*Work instruction:* Would you transcribe each entry exactly as it stands, omitting the pictures?

*Saved entries:*
Segment Open

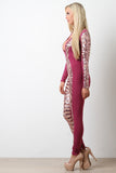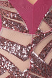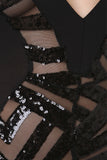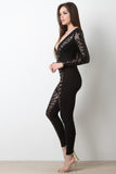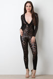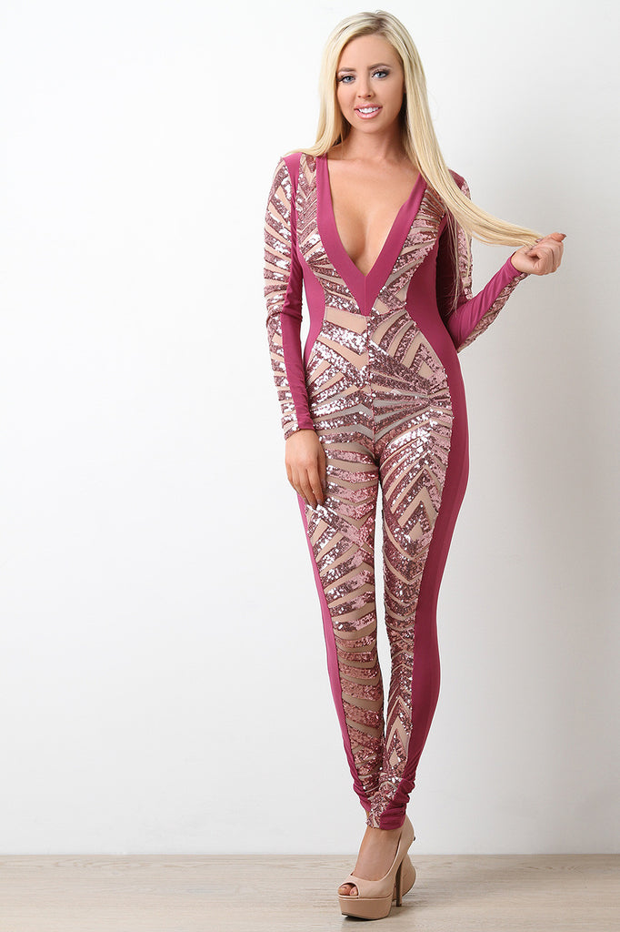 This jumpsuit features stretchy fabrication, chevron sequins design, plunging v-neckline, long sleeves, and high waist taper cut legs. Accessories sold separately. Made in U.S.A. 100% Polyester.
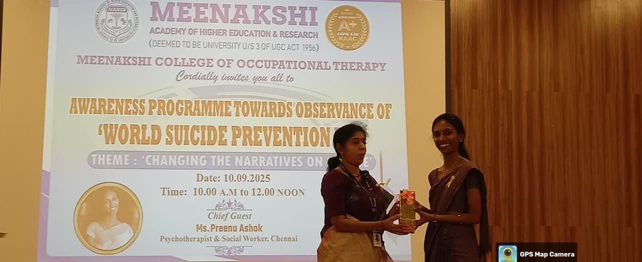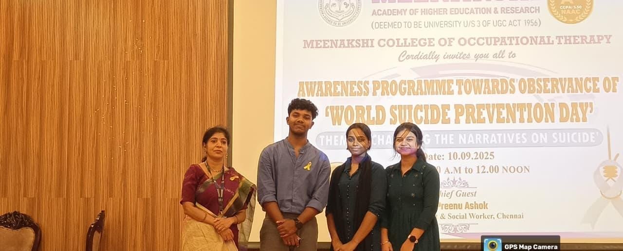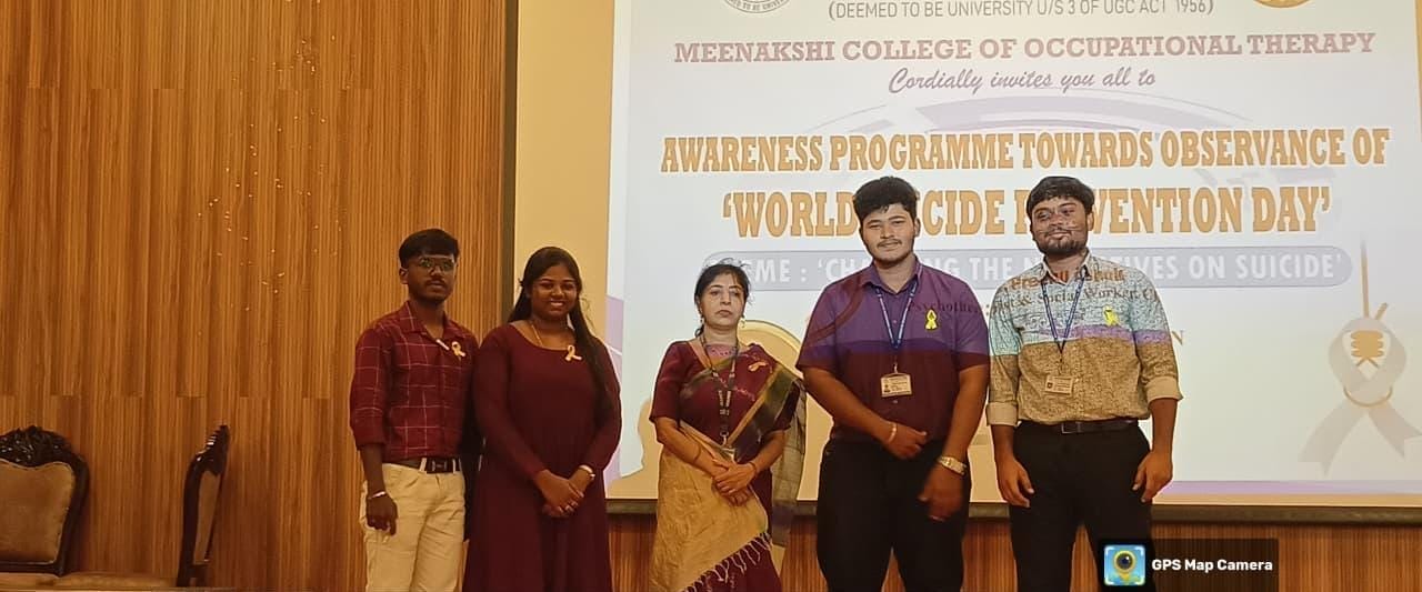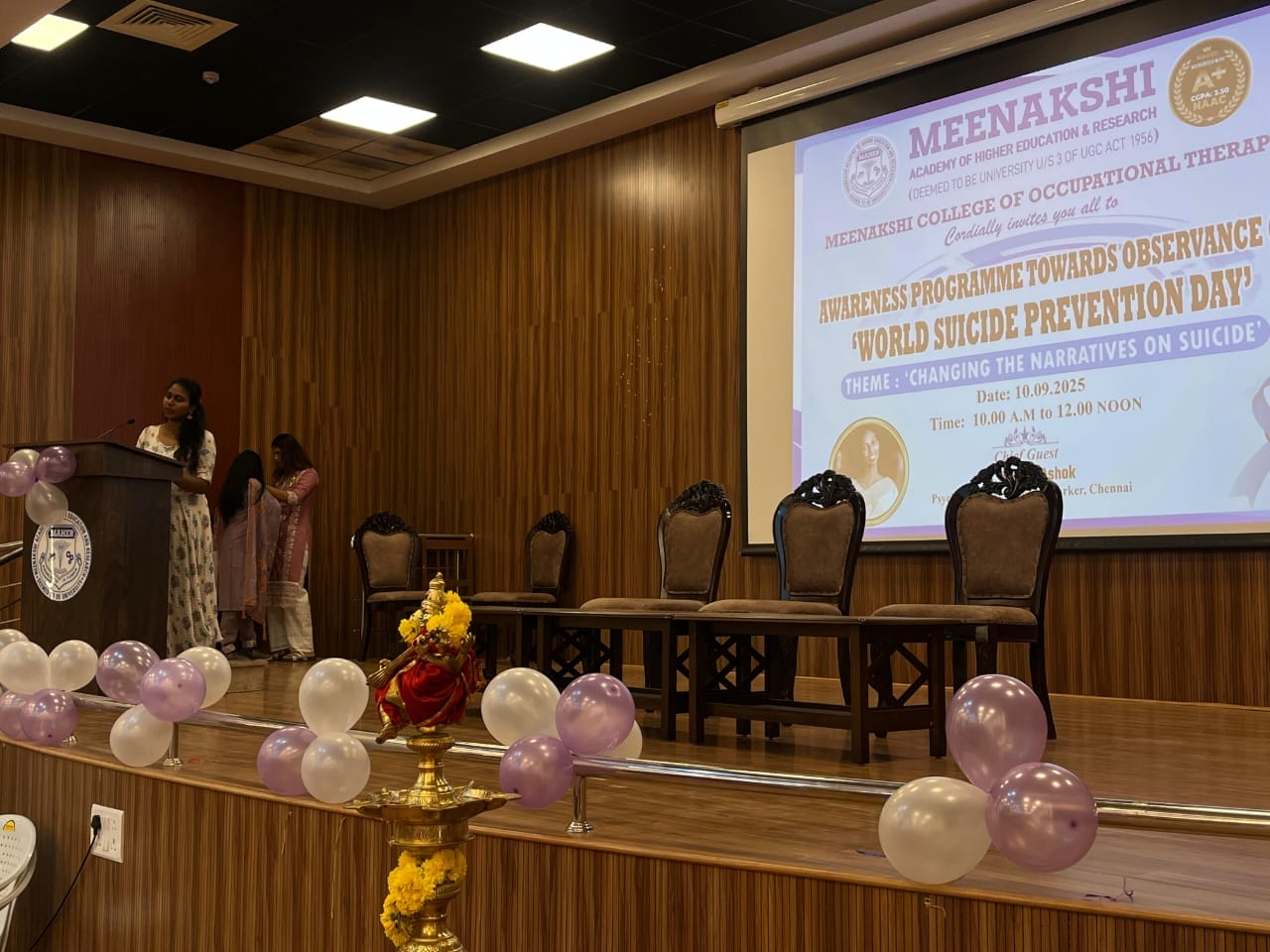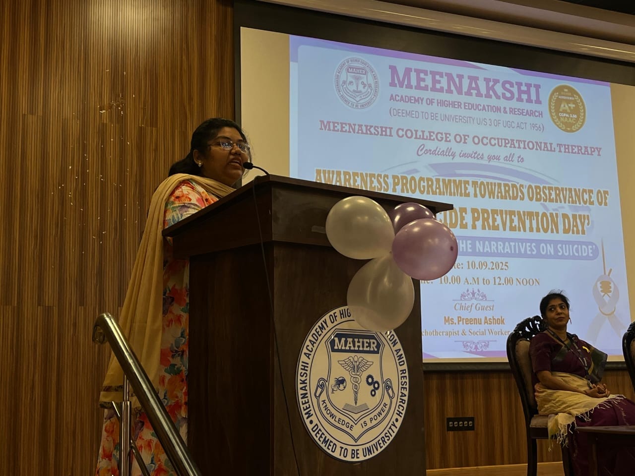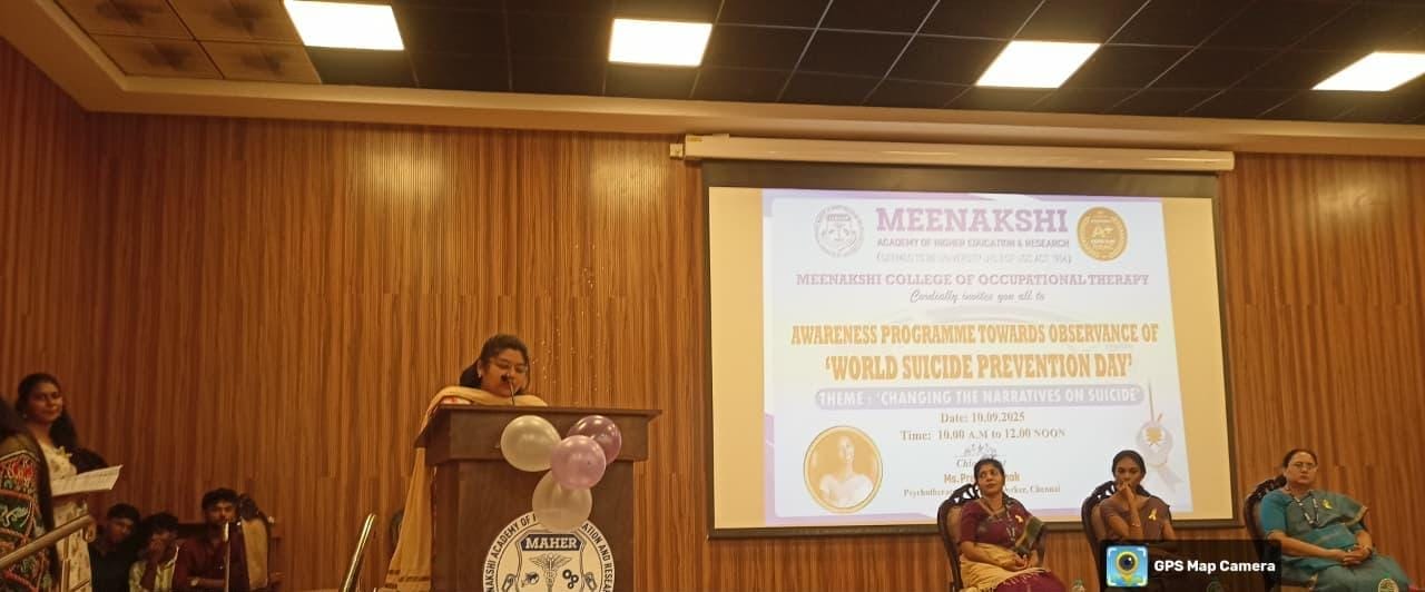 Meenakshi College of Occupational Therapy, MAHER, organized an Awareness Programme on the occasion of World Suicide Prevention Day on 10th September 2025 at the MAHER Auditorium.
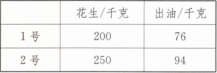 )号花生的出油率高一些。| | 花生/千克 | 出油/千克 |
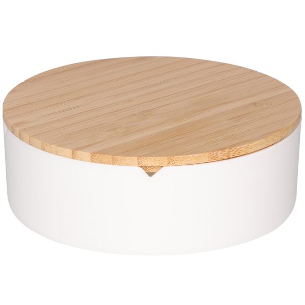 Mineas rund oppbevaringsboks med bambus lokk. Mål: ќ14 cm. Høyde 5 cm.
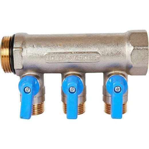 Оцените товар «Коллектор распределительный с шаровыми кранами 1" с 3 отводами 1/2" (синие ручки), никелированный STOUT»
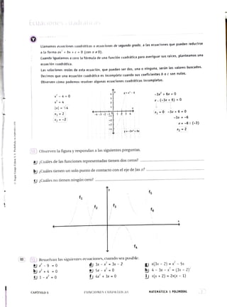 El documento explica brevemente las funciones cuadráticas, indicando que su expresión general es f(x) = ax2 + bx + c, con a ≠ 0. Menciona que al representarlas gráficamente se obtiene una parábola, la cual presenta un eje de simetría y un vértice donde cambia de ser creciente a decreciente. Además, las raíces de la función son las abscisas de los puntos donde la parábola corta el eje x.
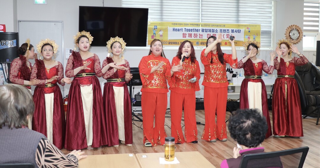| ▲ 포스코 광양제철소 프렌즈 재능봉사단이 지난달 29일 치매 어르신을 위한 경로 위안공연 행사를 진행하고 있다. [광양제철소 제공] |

Segment Closed

*Solved problem:*
 This jumpsuit features stretchy fabrication, chevron sequins design, plunging v-neckline, long sleeves, and high waist taper cut legs. Accessories sold separately. Made in U.S.A. 100% Polyester.
 Meenakshi College of Occupational Therapy, MAHER, organized an Awareness Programme on the occasion of World Suicide Prevention Day on 10th September 2025 at the MAHER Auditorium.
 )号花生的出油率高一些。| | 花生/千克 | 出油/千克 |
 Mineas rund oppbevaringsboks med bambus lokk. Mål: ќ14 cm. Høyde 5 cm.
 Оцените товар «Коллектор распределительный с шаровыми кранами 1" с 3 отводами 1/2" (синие ручки), никелированный STOUT»
 El documento explica brevemente las funciones cuadráticas, indicando que su expresión general es f(x) = ax2 + bx + c, con a ≠ 0. Menciona que al representarlas gráficamente se obtiene una parábola, la cual presenta un eje de simetría y un vértice donde cambia de ser creciente a decreciente. Además, las raíces de la función son las abscisas de los puntos donde la parábola corta el eje x.
| ▲ 포스코 광양제철소 프렌즈 재능봉사단이 지난달 29일 치매 어르신을 위한 경로 위안공연 행사를 진행하고 있다. [광양제철소 제공] |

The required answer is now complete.